Something amazing happened inside me when I gave my life to Jesus. In Romans 8 we are given a window into what took place:
“But if Christ is in you, then even though your body is subject to death because of sin, the Spirit gives life because of righteousness. And if the Spirit of him who raised Jesus from the dead is living in you, he who raised Christ from the dead will also give life to your mortal bodies because of his Spirit who lives in you.” (Romans 8:10-11 NIV)
So, with the most Holy God living inside of me, rather unsurprisingly, my old self didn’t survive long. In fact, it was dead from the moment I was saved. I now have a different kind of life, a life sustained by the Holy Spirit because of the righteousness of Jesus. But the story doesn’t end there:
“Therefore, brothers and sisters, we have an obligation—but it is not to the flesh, to live according to it. For if you live according to the flesh, you will die; but if by the Spirit you put to death the misdeeds of the body, you will live.” (Romans 8:12-13 NIV)
“Once we are of an age to determine our own destiny, life is always challenging.”
It turns out I have a responsibility, an obligation, and I also have a choice.
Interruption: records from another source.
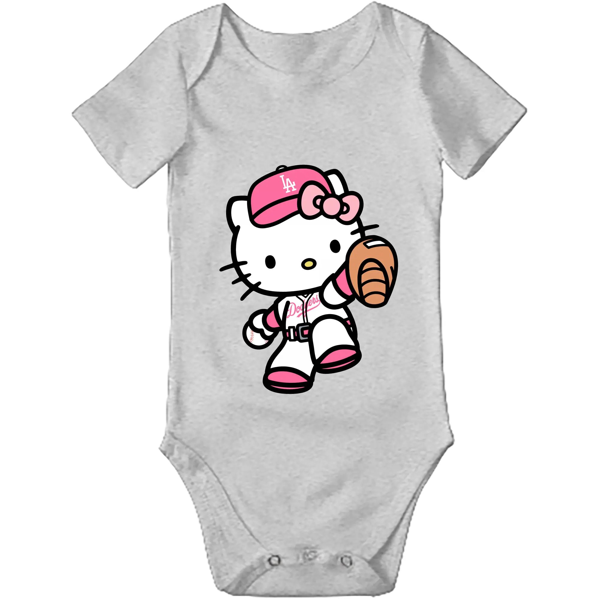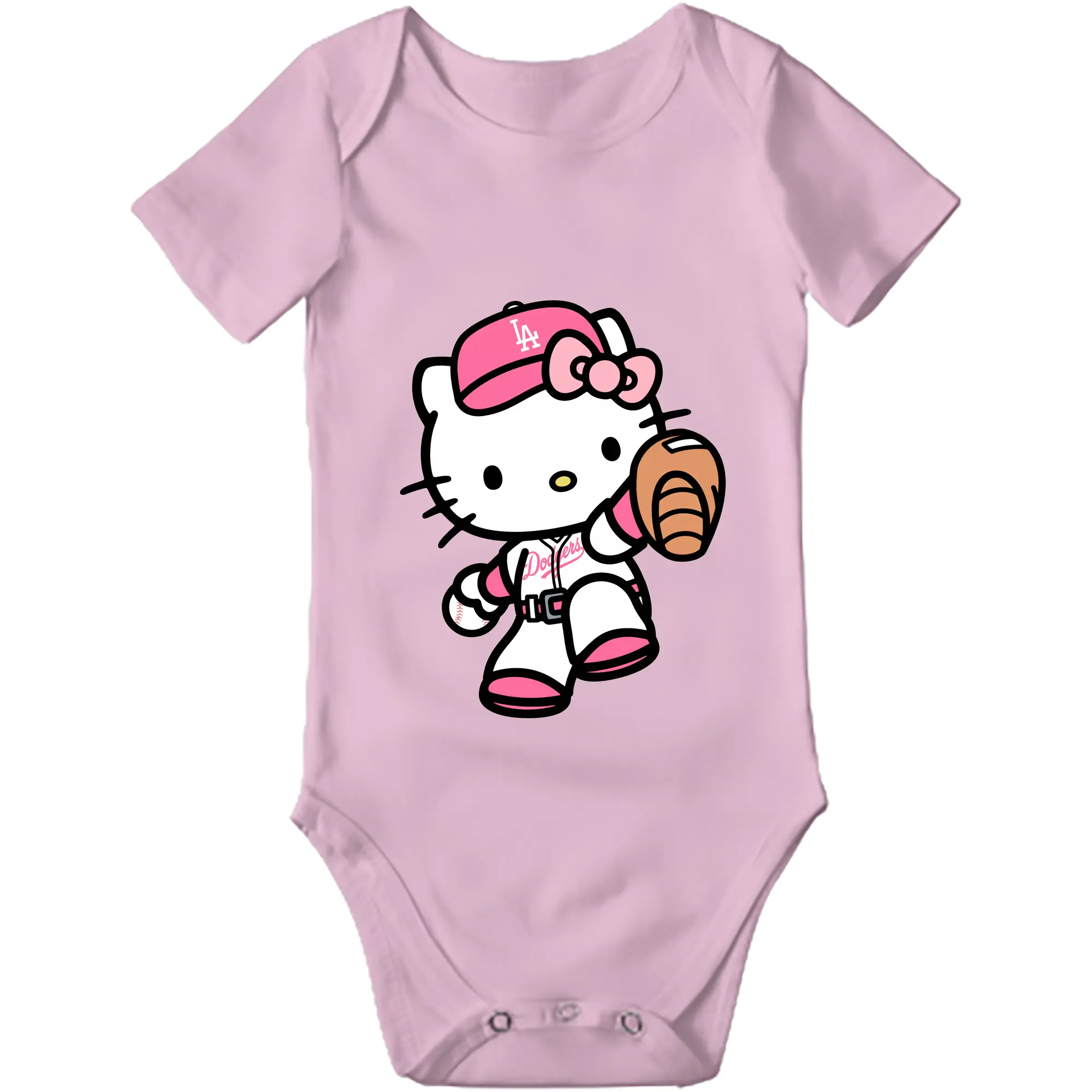 Pink Hello Kitty Play Baseball Los Angeles Dodgers - Baby Short Sleeve Romper – 100% Cotton Soft & Breathable Digital Print Onesie With Easy Snap Closure And Envelope Shoulder – Comfortable For Daily Wear & Travel
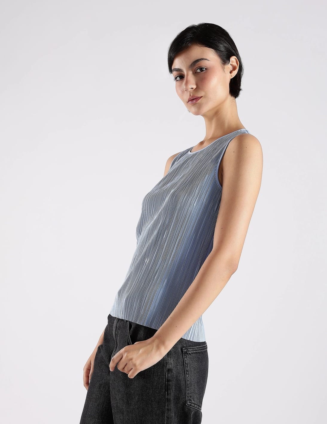Slim Fit Polyester Round Neck Top
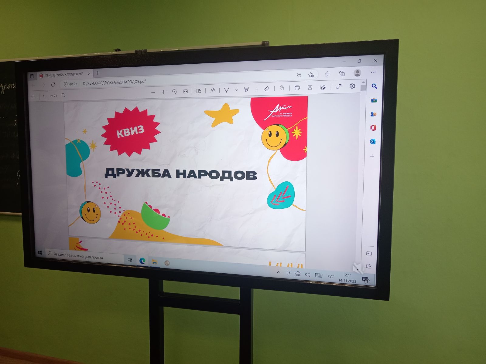 14 ноября для обучающихся 8 «В» советник директора Насырова Л.И. провела квиз-викторину приуроченную ко Дню народного единства. Квиз-викторина состояла из трех раундов - "Народная мудрость", "Угадай мелодии", "Национальные блюда". В мероприятии соревновались две команды. Ребятам очень понравилась эта игра, они узнали много нового и интересного. В викторине победила дружба!

Now that Jesus lives inside me, He is constantly calling me further up and further in, getting rid of the old, cultivating the new, enthusiastically pointing out the way I should go at every fork in the road. Now that the Spirit lives inside me, I can choose life! The way is prepared for me. The journey is already laid out ahead of me. I have Someone perfectly, faultlessly trustworthy to follow, and the life He is leading me to is beyond any hope or expectation I could ever have. But it is still my choice which way I go. I can choose to either follow His lead, or instead go back to the life I used to know. This process isn’t automatic or magic, the choices can be hard, and the results are guaranteed either way. Paul makes a similar point to the Galatians:
“Do not be deceived: God cannot be mocked. A man reaps what he sows. Whoever sows to please their flesh, from the flesh will reap destruction; whoever sows to please the Spirit, from the Spirit will reap eternal life. Let us not become weary in doing good, for at the proper time we will reap a harvest if we do not give up.” (Galatians 6:7-9 NIV)
Haven’t we all discovered this for ourselves? I really don’t enjoy the results of my poor choices. I’ve also begun to realize that, once we are of an age to determine our own destiny, life is always challenging. It is either difficult because of the wrong choices we make and the chaos we reap from them, or because of the discipline we have to go through in order to make the right choices. But I have to keep going, because God will not allow me to hold onto anything with the flavor of that old, lost, dead person. He has the blueprints to the most ambitious design for Sarah ever conceived, and day by day, choice by choice, he is bringing her to life.
Having given the both the Romans and the Galatians something to think about, Paul was thoughtful enough not to leave out those fortunate Corinthians. What follows makes uncomfortable reading:
“If any of you has a dispute with another, do you dare to take it before the ungodly for judgment instead of before the Lord’s people? Or do you not know that the Lord’s people will judge the world? And if you are to judge the world, are you not competent to judge trivial cases? Do you not know that we will judge angels? How much more the things of this life! …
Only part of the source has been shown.